Мари – крупная и костлявая, нимало не похожая на Селину, так что и не подумаешь, что они сестры. Только цвет волос такой же – сладко-карамельный, но локоны не пушистые, а гладкие и холодные, как текущая из крана вода. Острые скулы и тяжелая, волевая челюсть. Девушка, которую иногда хочется хлопнуть по плечу и назвать «своим парнем».

Тот, кого Эдвард накануне принял за карлика, оказался двенадцатилетним подростком, братом не то Петера – конопатого верзилы, не то синеглазого Рольфа. Мальчишка – рыжий, весь как будто ржавый, лицо, шея, кисти рук, а глаза точно покрыты пронзительно-синей эмалью. Откликался он на имя Рудик.

Была еще пара невзрачных парней, которые почему-то ели из одной тарелки и все время перешептывались, да полная девица с фиолетовыми губами и ногтями по прозвищу Биби.

– Друзья, среди нас сегодня новичок, – объявила Мари, и все взгляды обратились к Эдварду. Селина, заметив, что сестра не смотрит в ее сторону, стащила из корзинки целую пригоршню печенья.
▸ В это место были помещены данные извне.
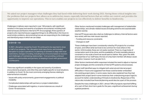 Covid -19 In 2021, disruption caused by Covid-19 continued to be reported in close to half of our projects. This disruption took many forms, and included: disruption to project operations; re-planning of activities to align with local restrictions; changes in funding, including loss of income based on tourism; and challenges of maintaining relationships – from providing continued support to communities and partners, to keeping in touch with government counterparts. There was significant variability in the types and severity of problems encountered by projects, and often they were highly specific to local situations. In addition to Covid-19, the most commonly emerging themes relating to external factors included: • Issues with policy environments, government engagements or political instability • Complicated relationships with partners or project stakeholders
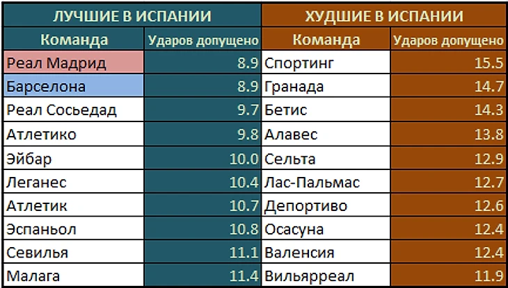 Оба гранда сбавили по этому показателю – «Барса» на 0.4, «Мадрид» на 1.5, – но и этого хватает для комфортного преимущества над всеми остальными.
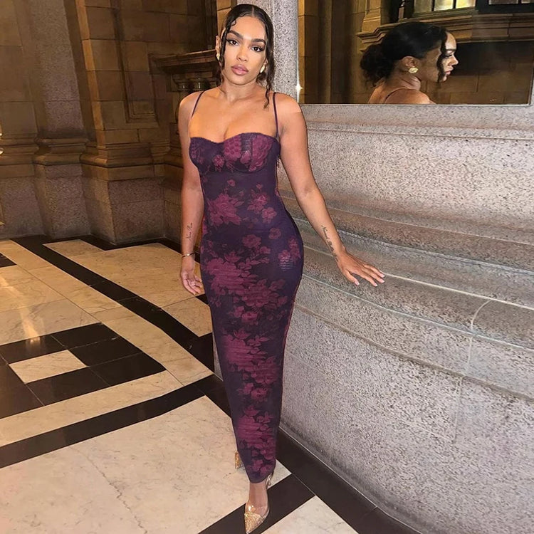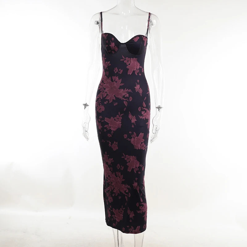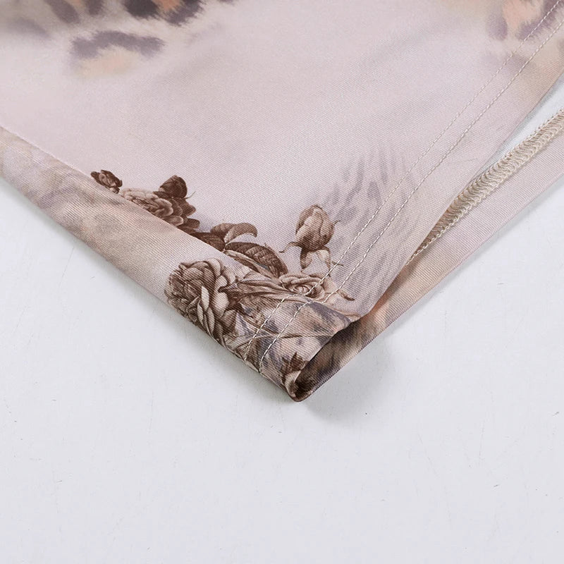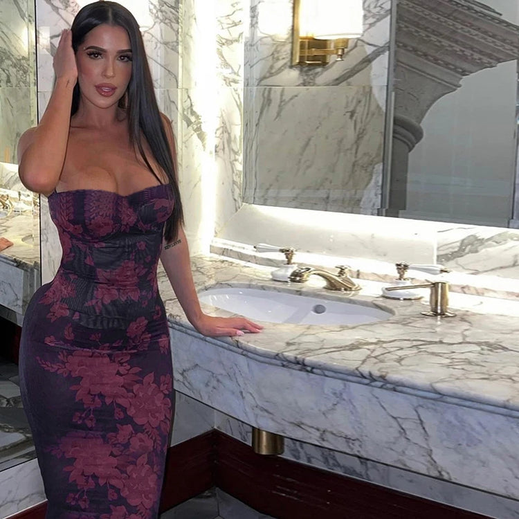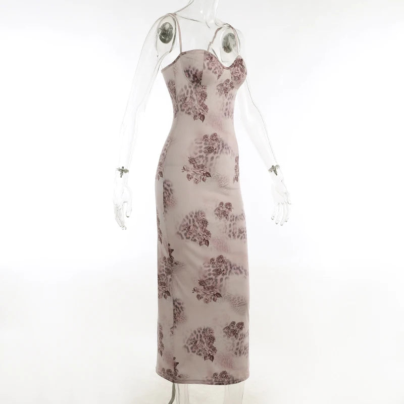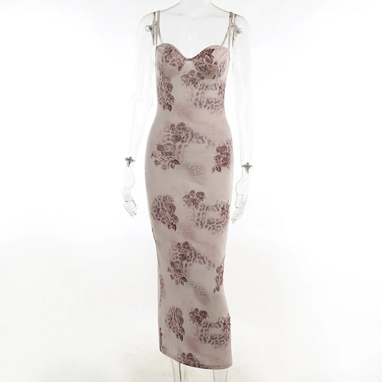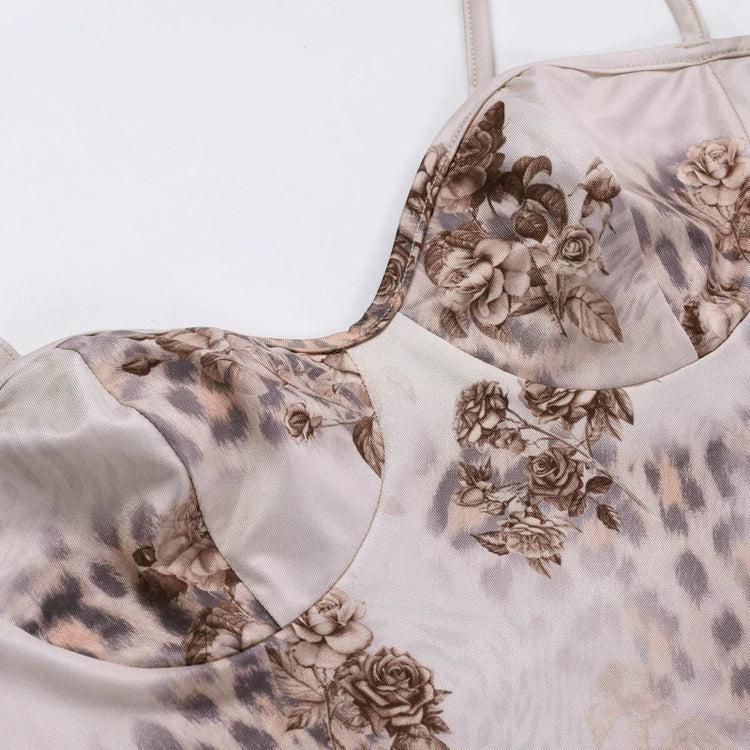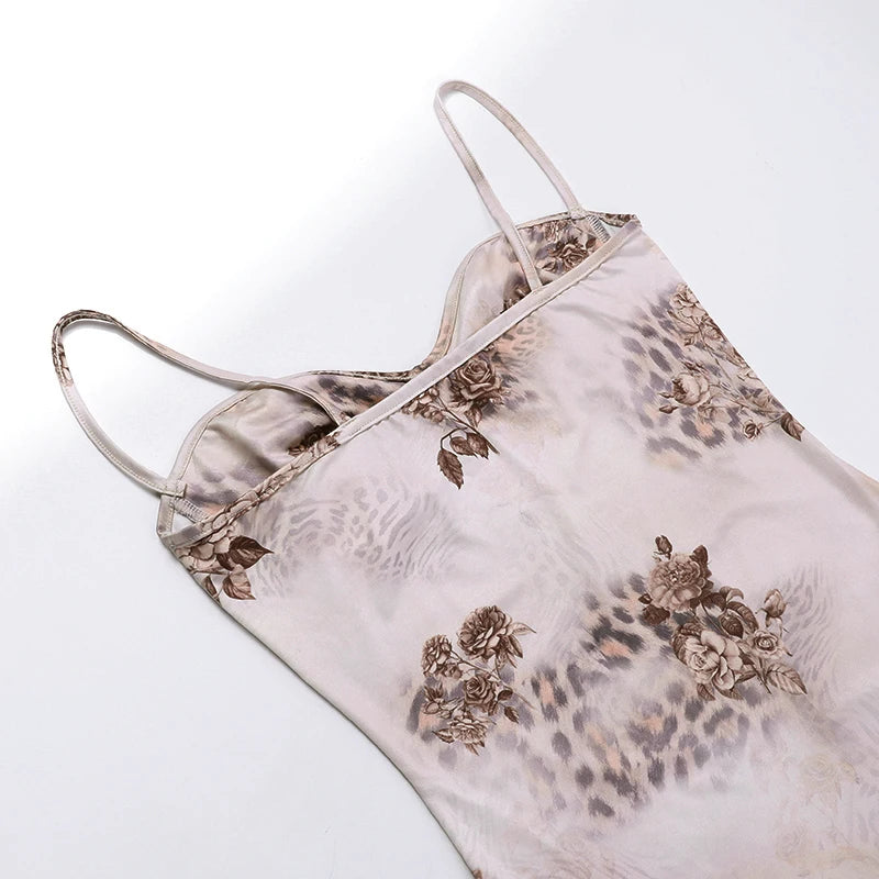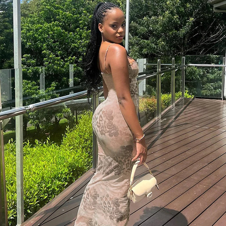 Sleeveless V-neck Backless Bodvcon Printed Spaghetti Strap Dress

Аккуратно, стараясь не хрустеть, принялась набивать рот.

– Молодец, – Эдвард усмехнулся и пожал ей под столом руку. – Кушай.

– Давайте послушаем, – бодро сказала Мари, – что привело его к нам. Но сначала пусть каждый расскажет о себе. Для него – и друг для друга, для всех нас. Ну, кто начнет?
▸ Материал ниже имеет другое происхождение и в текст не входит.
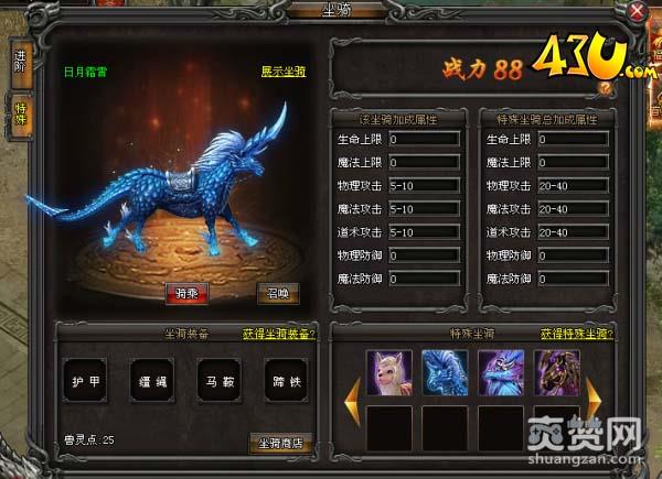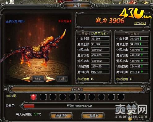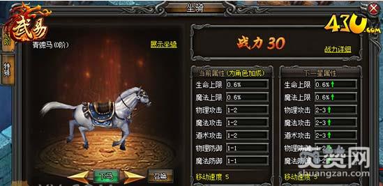 作为43u《武易》新推出的系统,玩家在32级时自主激活,系统会赠送玩家一匹初始坐骑“靑骢马”作为过渡,当然它的外形也就一般般啦。但对玩家的移速提升还是有很大帮助的。
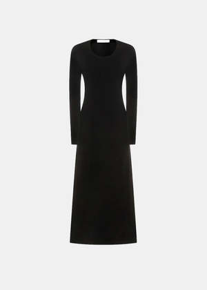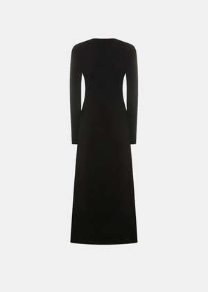 The Mavy dress from The Row features long sleeves, a round neckline, and a full-length silhouette in black with a soft, comfortable fit. 67% Viscose, 33% Polyester. Made in Italy.
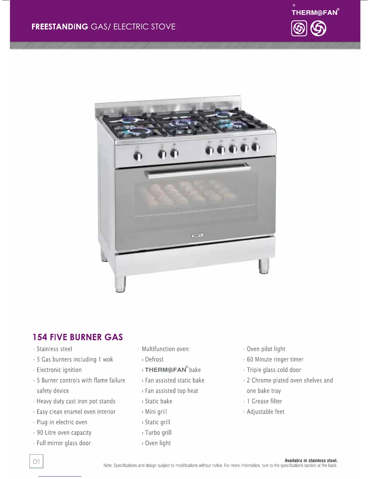 Defy 835 - Gas; Electric Stoves; 154 Five Burner Gas; Electric

Первым встал застенчивый Рольф.

– У меня дома хранится семейный фотоальбом, – произнес, обращаясь не столько к «новичку», сколько к угрюмо сопящему Айзеку, и Эдвард подумал, что среди «призраков» существует пока неведомая ему субординация. – Много старых фотографий, а на них – танки в пустыне. И люди с автоматами. Я спрашивал у матери, она говорит, что это боевые действия не то в Африке, не то на Ближнем Востоке.
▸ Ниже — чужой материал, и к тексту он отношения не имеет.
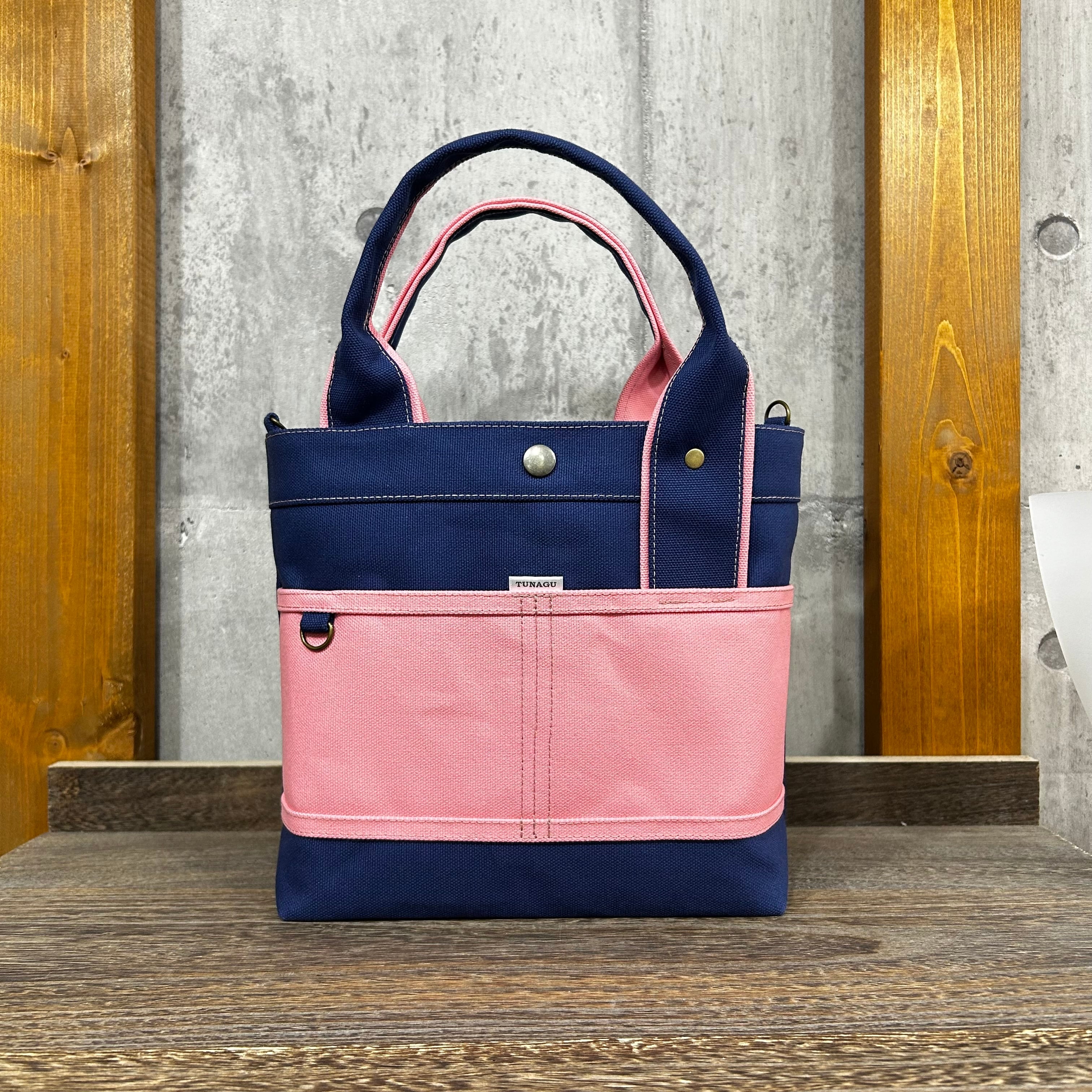 当店人気No.1.▽Bi Color Tote "M"【紺×ピンク】

– Откуда ты знаешь, что в пустыне? – живо повернулся к нему Рудик.

– Там песок везде. А на одном фото – кактус. Огромный, выше человеческого роста.

– Очень интересно, – похвалила Мари. – Надо будет пошуршать в архиве, выяснить, что да как. Только вряд ли мы сумеем это представить – танков нам не достать.

Оба шептуна засмеялись – то ли ее остроте, то ли чему-то своему, и Биби присоединилась к ним.

– А если из папье-маше сделать? – серьезно спросил Айзек. – Одного танка будет достаточно. А натаскать песку – не проблема. Можно и кактус из картона смастерить или принести настоящий – пусть и не такой крупный.

Молодежь одобрительно закивала, а Эдвард почему-то вспомнил седого полицейского. То-то он обрадуется, если дворик, кроме всего прочего, завалят песком.

Рольф сел, и над столом жеманно воздвиглась Биби.

– У нас в шкафу висит армейский китель с орденами. От прадеда остался... то есть, конечно, не прадеда, а пра-пра-пра... Вот!

– А мне бабуля в детстве читала сказки о войне, – признался один из шептунов. – Такую ветхую книжицу, всю обтрепанную, не знаю, куда потом делась. Про бомбежку, про рукопашные бои. Да, еще про девочку, которая умирала после атомного взрыва и делала из бумаги журавликов... Страшные сказки, я после них долго не мог заснуть.

– Разве можно читать такое ребенку? – громогласно возмутился Петер.

– Нужно! – хором ответили ему сразу несколько человек.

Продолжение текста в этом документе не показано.